The only name that the Greeks have for it is kuriakos, the Lord's Day; the Latins called it the Dominical Day, the Lord's Day, which is the same thing. And it has been so known down through the centuries. If we were in the White House and looking at its furniture, and the guard said, "That is the President's chair," or, "That is the chair of the President," the words would mean the same thing. But if we speak of the "Presidential Chair" there is something altogether different.
The "Lordian Day" is that which the Christian Church, from the very beginning, has kept and - mark this - voluntarily, voluntarily, in memory of the resurrection of our Lord JESUS CHRIST. It’s very voluntariness gives it value in the sight of the Lord.
If some loving friend gives you a birthday present its special value is that it shows his kindly thought. If you had written to say, "I am going to have a birthday and will expect a present from you," it would lose all its value. So the Seventh-day Adventists challenge us, "Show us a commandment in the New Testament telling us to observe the first day of the week." We say, "There is no commandment. We are under grace, not law." They ask, "Why do you do it?"

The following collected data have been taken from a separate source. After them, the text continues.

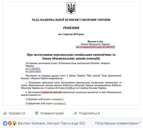 "Капець! Я бачив проект рішення РНБО, в якому було понад 600 компаній і майже 800 осіб, щодо яких продовжуються санкції. Плюс нові об'єкти. Щодо "відкупитися" - маячня. Щодо активів - де факти?", "Переводите ваші пости про корупцію у вищих ешелонах влади в Україні,англійською теж,щоб донести англомовним підписантам", "а чому лише частина документа видно? чому не видно та частина, в якій написано про автоматичну пролонгацію санкцій у разі продовження конфлікту? маніпулюєте знову?", "Добре, що такий кришталево чесний депутат в темі", "Що ви як депутат зробили для продовження санкцій крім балачок?", "Справжня торгівля країною!" - коментують публікацію нардепа користувачі соцмережі.
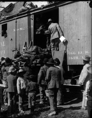 - Hombres suben a herido en camilla a carro de ferrocarril
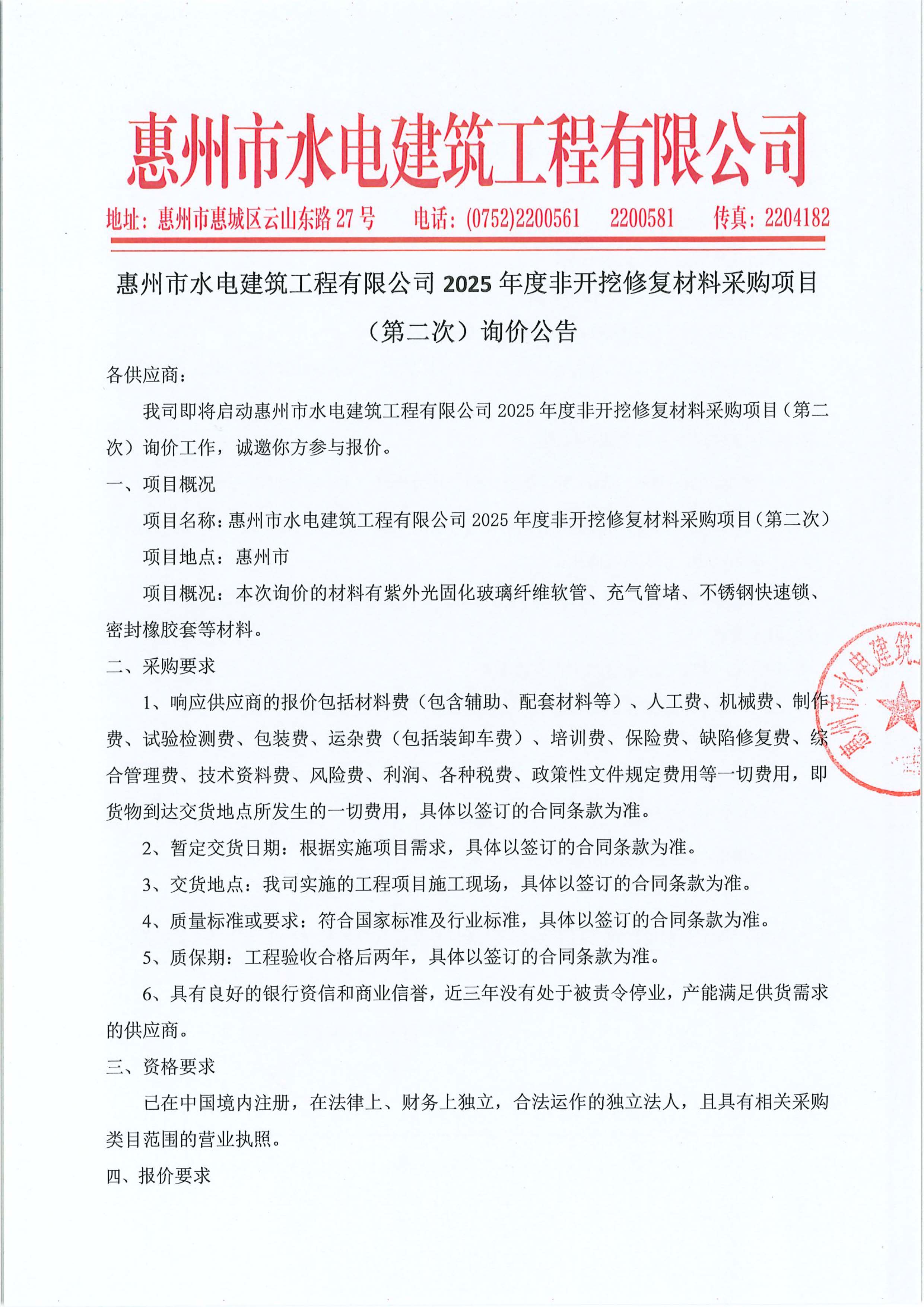 惠州市水電建筑工程有限公司2025年度非開挖修復(fù)材料采購項目(第二次)詢價公告附件:
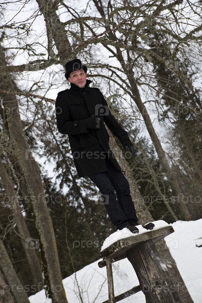 Мужчина стоит на деревянном помосте перед прыжком
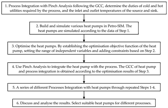 Section 2 introduces the simulation and optimisation of the considered HP types and the method of integration with the process for achieving heat recover. In Section 3, the suitability of the HP types to different temperature–enthalpy (T–H) profiles is evaluated, aiming at the minimisation of power consumption. The optimal COP of each integration case was obtained by optimising the operating parameters of the HP when given source and sink at different temperatures. In Section 4, the model is further applied to the integration of HP and different industrial process cases using Pinch Analysis, and the energy-saving potential of different types of HP is evaluated using the GCC [28].
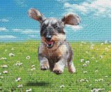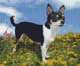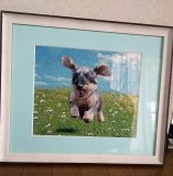 わんこ中心にトリミングし、背景は青空と芝生、わんこが映える小花というご希望です。
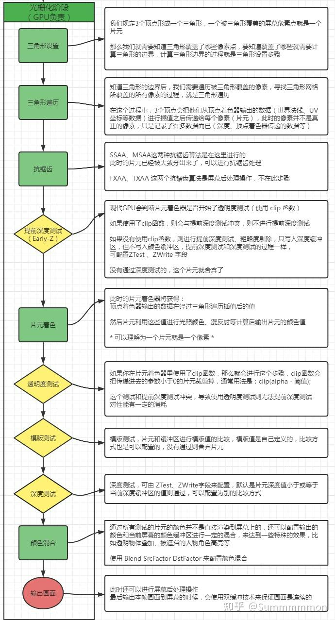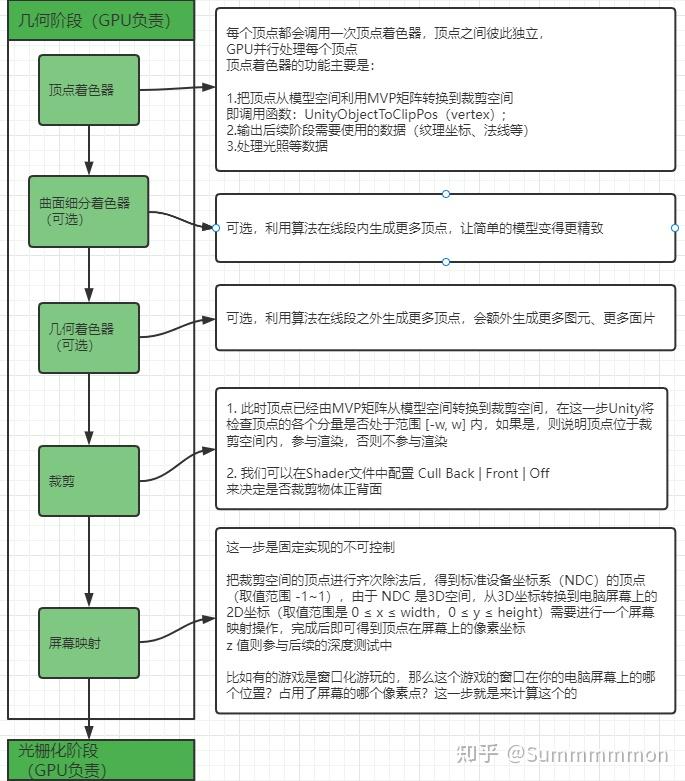几何阶段主要负责将三维的模型顶点坐标转换为屏幕空间的二维顶点坐标,输出各顶点的深度值等信息到光栅化阶段:
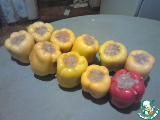 • Набиваем наши перчики фаршем и выкладываем в кастрюлю в вертикальном положении. Оставшийся фарш я добавляю в соус
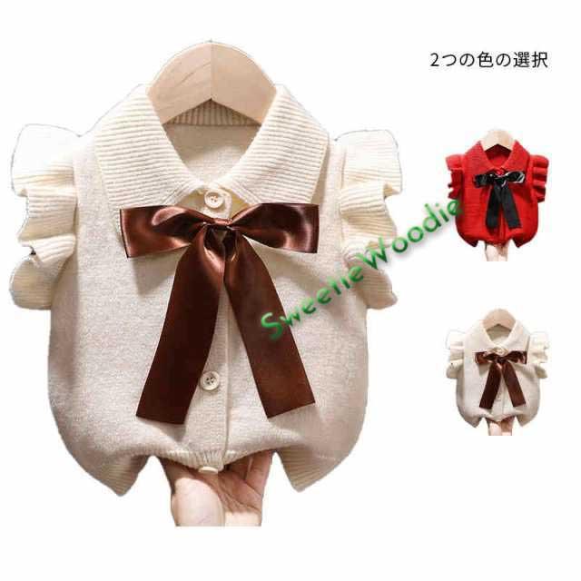 ニットベスト ニット ベスト キッズ 女の子 韓国子供服 子供服 子ども服 こども服 リボン 秋 冬 80 90 100 110 120 130 袖フリル 送料無料
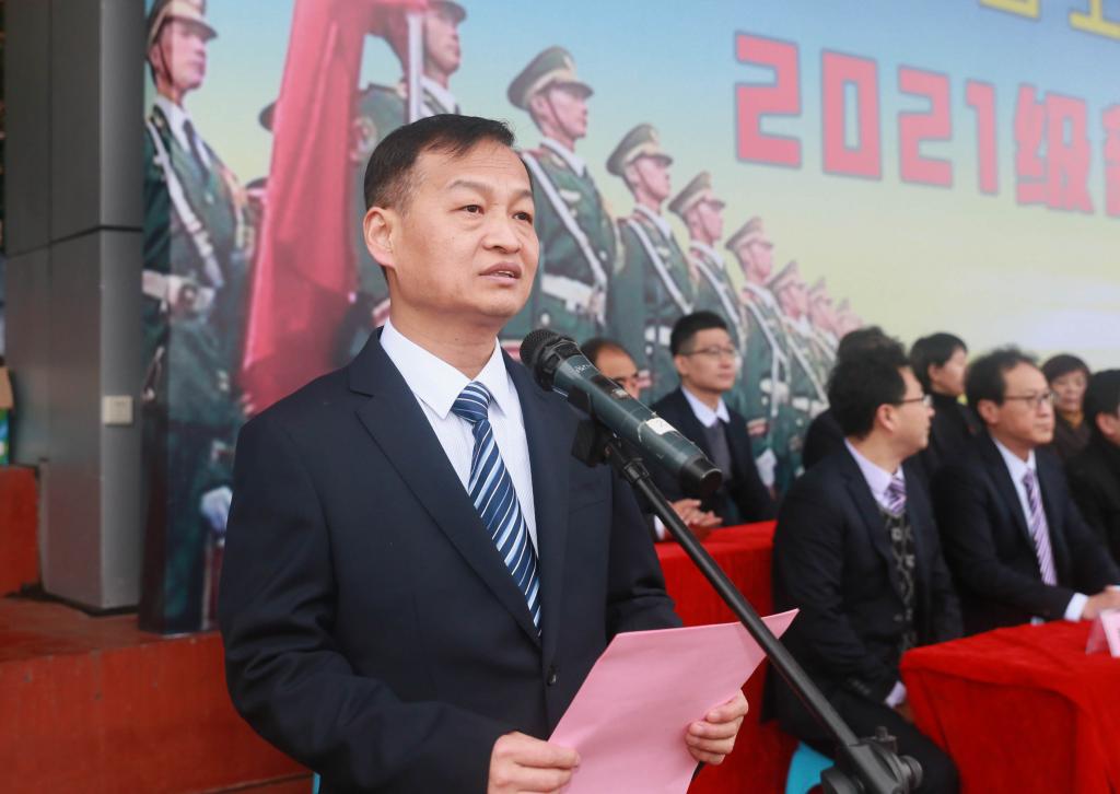 最后,副校长梅创社宣布军训团编制及任命。党委书记惠朝阳宣布2021级新生军训正式开营。
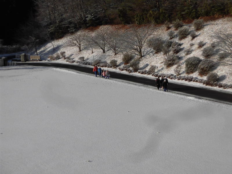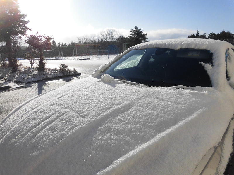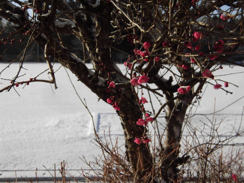 2019年3月8日 07時52分昨夜の冷たい雨は、夜半には桶売を白く染めたようです。春を告げた紅梅も戸惑っているよう。
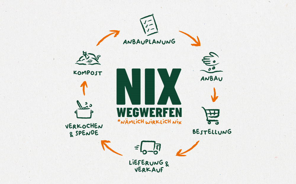 Und das meinen wir auch so, wie wir es sagen. Alles, was nach dem Verkauf unserer Produkte übrigbleibt (und das ist nur rund 1%), verkochen, verarbeiten und spenden wir. Unsere Hausg'mocht Gerichte spielen dabei eine ganz wichtige Rolle. Den letzten, wirklich nicht mehr verzehrbaren Rest kompostieren wir. Mit dem fertigen Kompost düngen wir unsere Felder am eigenen Hof. So macht unser Nix-Wegwerfen-Kreislauf echt Sinn.
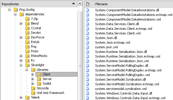 - In the DV branch there is a folder called Dependencies, where we keep all the DLL’s and third party references. All projects in the solution(s) then reference the DLL’s from the Dependencies folder, and NOT from their local Program Files installation of the tool in question. This serves two purposes: a) it ensures that, regardless of which version of which tool is installed locally, that all of the DLL’s required to compile the app are in SCM and are in a folder that has the same relative path (i.e. ..\dependencies) on every developer’s hard drive. This avoids so many seemingly random errors that crop up when a developer links a project to their own Program Files menu. NOTE: This pretty much invalidates the use of “Add Reference, Select from List” for all but the core MS DLL’s, as you will almost always have to pick “Add Reference, Browse” to get the reference to point to the Dependencies folder. It also means that most project creation wizards will produce a project that you then have to remove and recreate the references in so that they point to the Dependencies folder that the wizard knew nothing about.In our projects, DLL’s from: C:\Program Files\Reference Assemblies and C:\WINDOWS\Microsoft.NET, are referenced from those locations, all other DLL’s are referenced from the copies stored in the Dependencies folder. For example, the C:\Program Files\Microsoft SDKs\Silverlight\v3.0\Libraries folders are copied over to the Dependencies\Silverlight\Libraries folder.
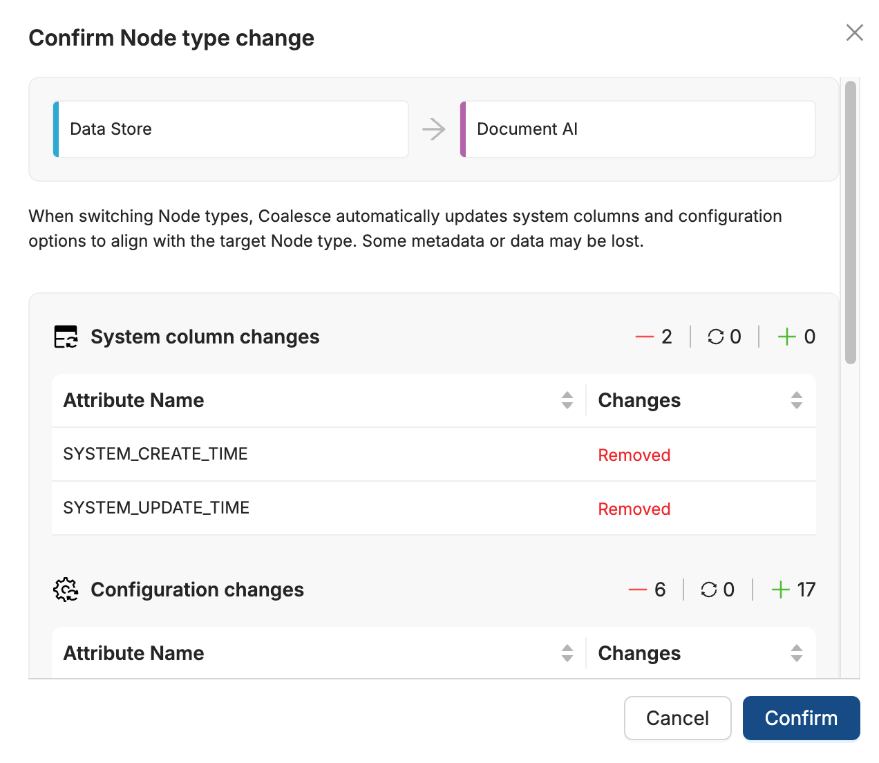 We've made significant improvements to Node type switching in Coalesce. When changing a Node's type (for example, from View to Dimension), Coalesce now performs a complete metadata reinitialization based on the target type definition. This ensures your Node fully adopts the target type's structure while intelligently preserving your work.
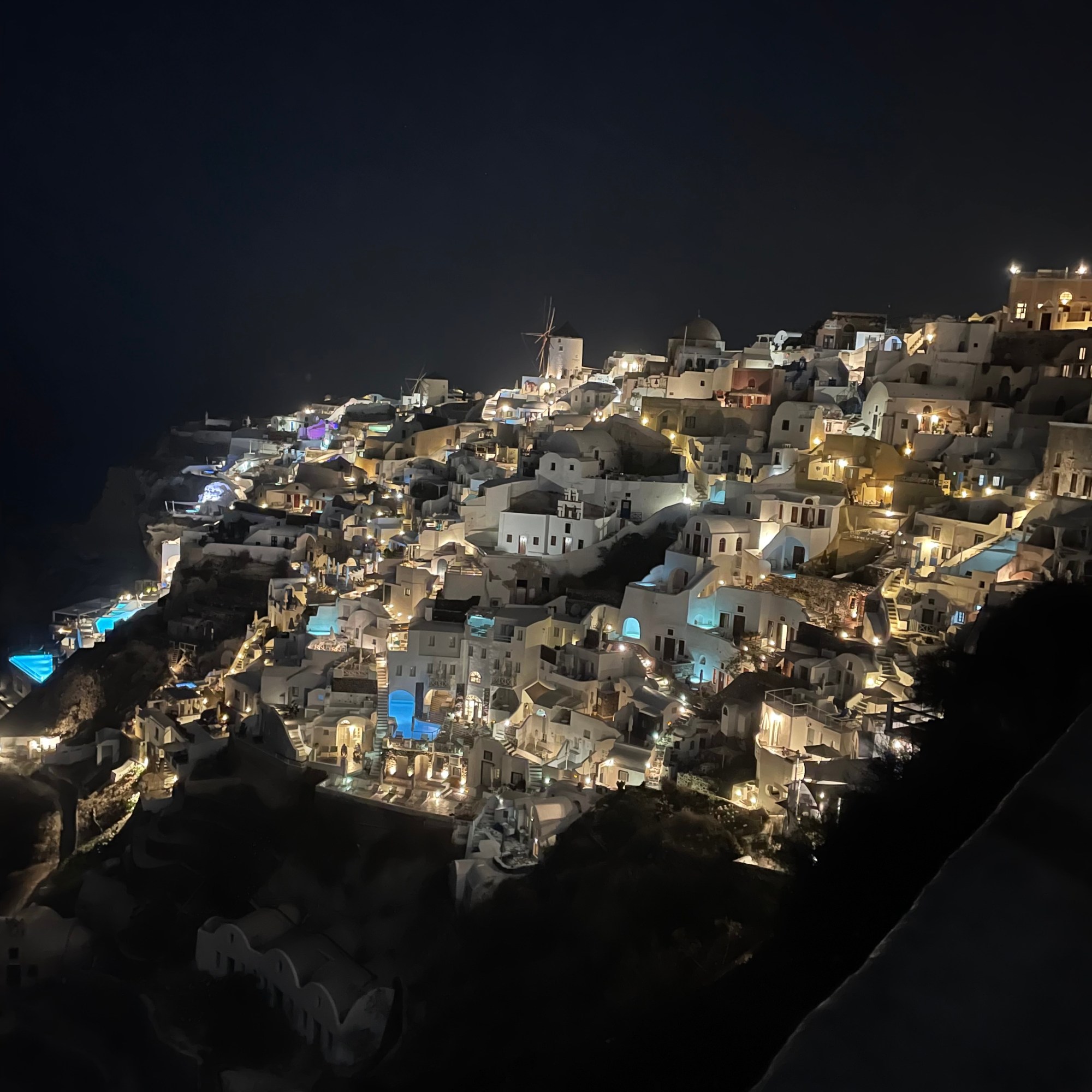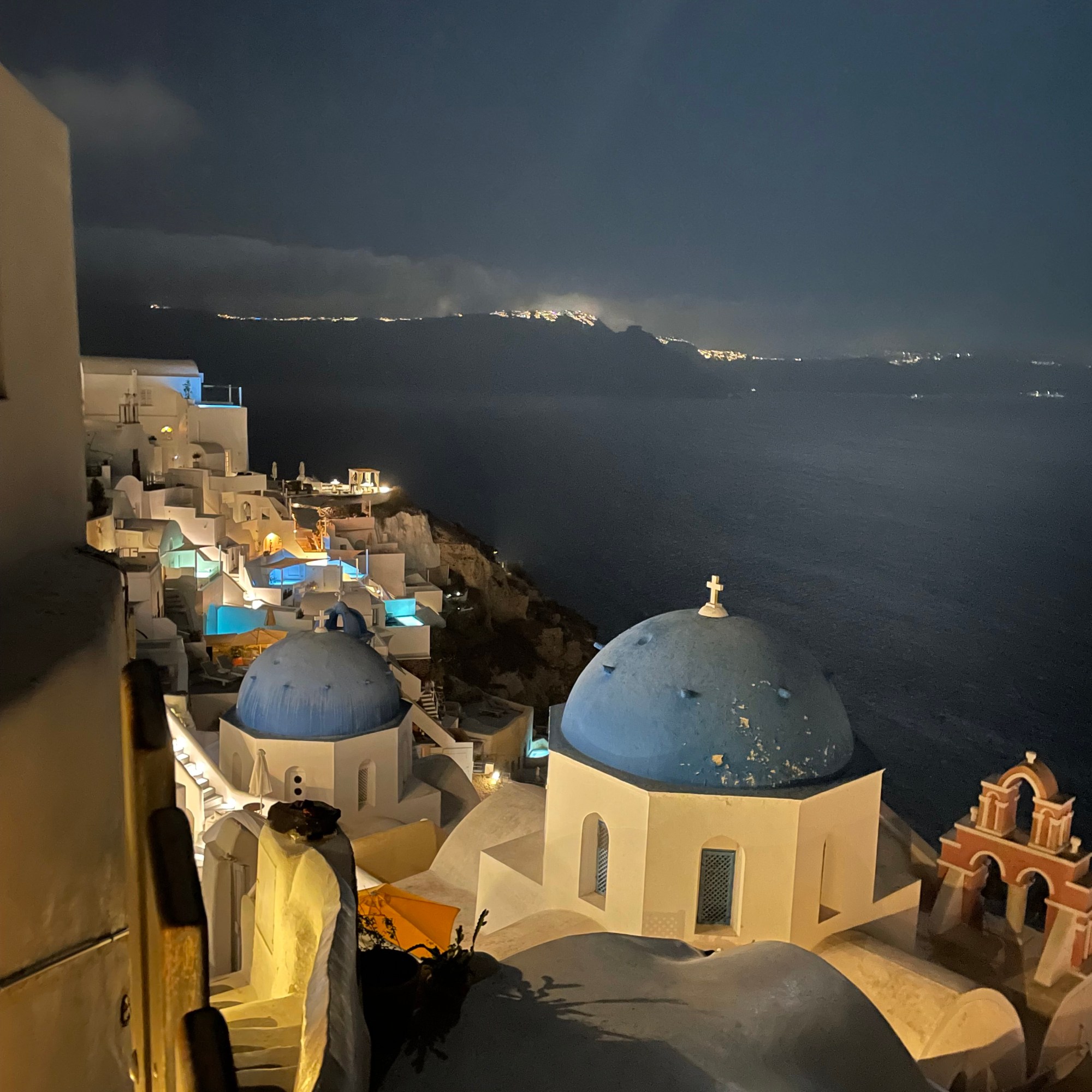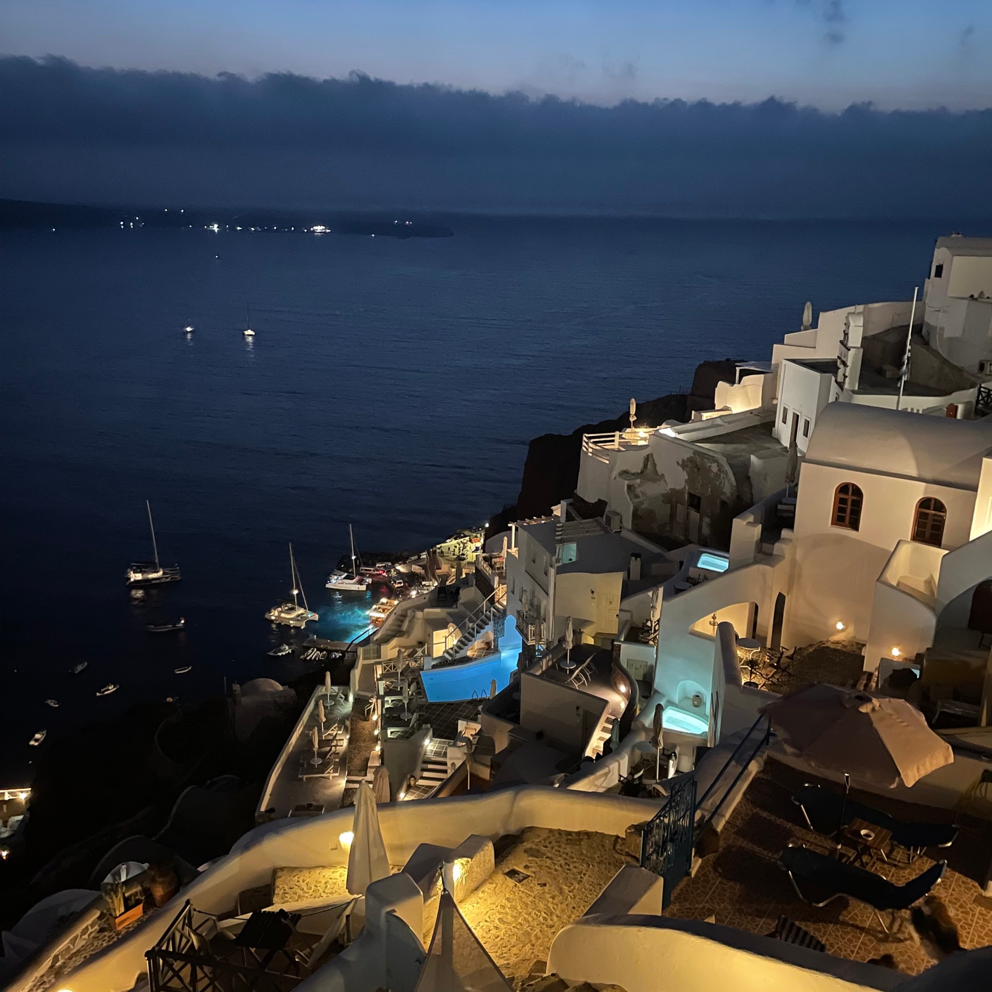 Spent a week in Greece for our 21st anniversary, 80% of our time in Santorini, 20% in Athens. One word to describe Santorini, UNREAL! We arrived in Santorini late on a Monday night and I was bummed about missing the sunset, but very quickly got over it because it was just so stunning at night! After checking into our hotel, we took a walk through the town and up to the Oia Castle, super close to where we stayed.
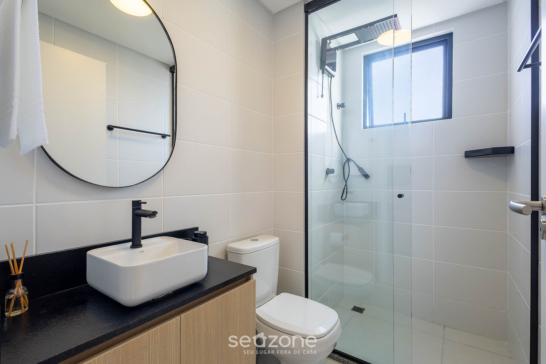 Com ar-condicionado em todos os ambientes, suíte com cama queen, quarto adicional, cozinha completa e varanda gourmet com churrasqueira e vista para o mar. A sala, equipada com sofá e Smart TV, é ideal para momentos de descontração. O condomínio oferece piscina, jacuzzi e um espaço pet. A localização privilegiada, a poucos passos da praia, coloca a cidade a seu alcance.

"Because of the gratitude of our hearts to the Lord JESUS who rose from the dead on the first day of the week."
The first day of the week has been given a special place in the Book of the Acts, and the First Epistle to the Corinthians. That special place has been marked from the beginning of Christianity to the present time.
As Israel of old by their recognition of the Sabbath manifested their love to the Lord, their reverence to His name, so by the observance of the Lord's Day we manifest the same thing. Christians should be very careful about the use of the Lord's Day, and never should allow themselves to treat it just as a common day, and be indifferent to its claims. Suppose it were taken away from us. Suppose this country became like Russia and every day was a secular day and there were no special privileges such as we have enjoyed. How we would miss them! How bitterly we would rue the memory of ever having treated that day carelessly.
We have a spiritual lesson out of this - that for Israel of old it was absolutely legal - we are told that the righteousness of the law is fulfilled in us who walk not after the flesh but after the Spirit. While we are dead to the law in the body of CHRIST, yet every righteous requirement of the law will be fulfilled in us as we walk in the power of the Holy Spirit.